Docker exit code 1: application errors and how to find them
A container exiting immediately with code 1 is a common production incident. Unlike exit code 137 (OOM killer) or code 125 (Docker daemon error), code 1 means the application inside the container called exit(1). Docker is only reporting what PID 1 did.
The challenge is that code 1 is a catch-all. It can mask an unhandled JavaScript exception, a Python import error, a missing configuration file, a shell script failing under set -e, or a Go binary that cannot reach its database. Time spent checking Docker daemon health or host memory is wasted when the real failure is an application-level error written to stdout or stderr.
This guide shows how to confirm code 1 is an application error, trace it to the right layer, and stop the container from crash-looping while you fix the root cause.
What this means
Docker reserves only three exit codes for Docker-layer errors: 125 (daemon error), 126 (command not executable), and 127 (command not found). Every other code, including 1, is the raw exit status returned by the container’s PID 1.
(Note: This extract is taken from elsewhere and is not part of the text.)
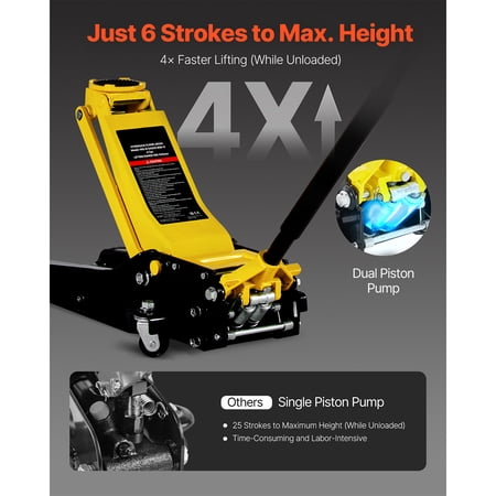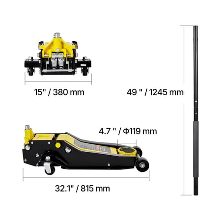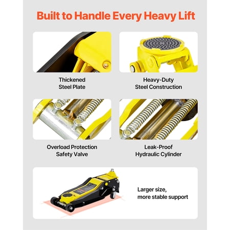 Product Description Hydraulic Floor Jack, Reliable Performance for Every Lift This durable iron floor jack is designed to handle heavy loads, making it suitable for lifting sedans, SUVs, and trucks. Its extended lifting range ensures easier access for vehicle maintenance, tire replacements, and cleaning tasks. Reminder: Always use a jack stand for prolonged repair work. Reinforced Steel Construction This compact floor jack is constructed using reinforced steel, ensuring durability and resistance to wear over time. Pressure Release Mechanism This hydraulic floor jack is equipped with an integrated overload protection system, designed to prevent usage beyond its specified capacity, ensuring safety and durability over time. Hydraulic Pump The durable, sealed hydraulic pump is designed to reduce oil leakage, ensuring dependable and secure operation when using the floor jack. Robust Weight-Bearing Capability This durable steel jack is designed to lift SUVs, pickups, and other heavy vehicles effortlessly. It’s a practical choice for both professional mechanics and car enthusiasts tackling projects at home. Extensive Height Adjustment Range Crafted to handle vehicles with higher ground clearance, this low-profile jack is suitable for a broader range of cars. Ensure you check your vehicle's ground clearance prior to purchase. Two-Piston Hydraulic System For frequent use with a steel floor jack, the dual-piston mechanism ensures quicker lifting of heavy loads, saving time and effort. The integrated safety system and sealed hydraulic cylinder enhance stability and reduce the chance of tilting during operation. Specifications Item Model Number: WD-B-04250-B00-0 Net Weight: 102.5 lbs/46.5 kg (including all accessories) Product Dimensions: 32.1 x 15 x 7.9 in/815 x 380 x 200 mm Package Content 1 x Floor Jack

Exit code 1 is the generic “application error” status. Many language runtimes map it to an unhandled exception: Node.js fatal exceptions, Python tracebacks, Go programs calling os.Exit(1), or shell scripts exiting because a command returned non-zero. It is distinct from code 2, which usually signals shell misuse, and from code 255, which indicates an out-of-range exit status.
Because code 1 is broad, the diagnostic work is about ruling out its siblings first. Code 137 (128+9) means SIGKILL, often from the OOM killer. Code 139 (128+11) means SIGSEGV. Code 143 (128+15) means SIGTERM. Misclassifying a code 1 problem as one of these sends you after the wrong fix.
Common causes
| Cause | What it looks like | First thing to check |
|---|---|---|
| Unhandled application exception | Stack trace or error in logs; container exits immediately | docker logs <id> for the traceback |
Shell entrypoint with set -e | Silent exit after an intermediate command fails; application may never start | The entrypoint script for set -e and unguarded commands |
| Missing configuration or secret | Application fails during initialization with a config error | docker inspect for missing Env, mounts, or secrets |
| Dependency unavailable (DB, API, DNS) | Connection refused or timeout logged, then exit 1 | Network connectivity and DNS resolution from inside the container |
| Missing dynamic library (Alpine) | Binary starts but exits 1, distinct from code 127 | Run ldd or file on the binary inside the container |
| Restart loop | Container restarts repeatedly, logs are flooded, original error is buried | docker inspect RestartCount; pause the restart policy |
Quick checks
Run these read-only checks first to confirm the code and find the failure without changing container state.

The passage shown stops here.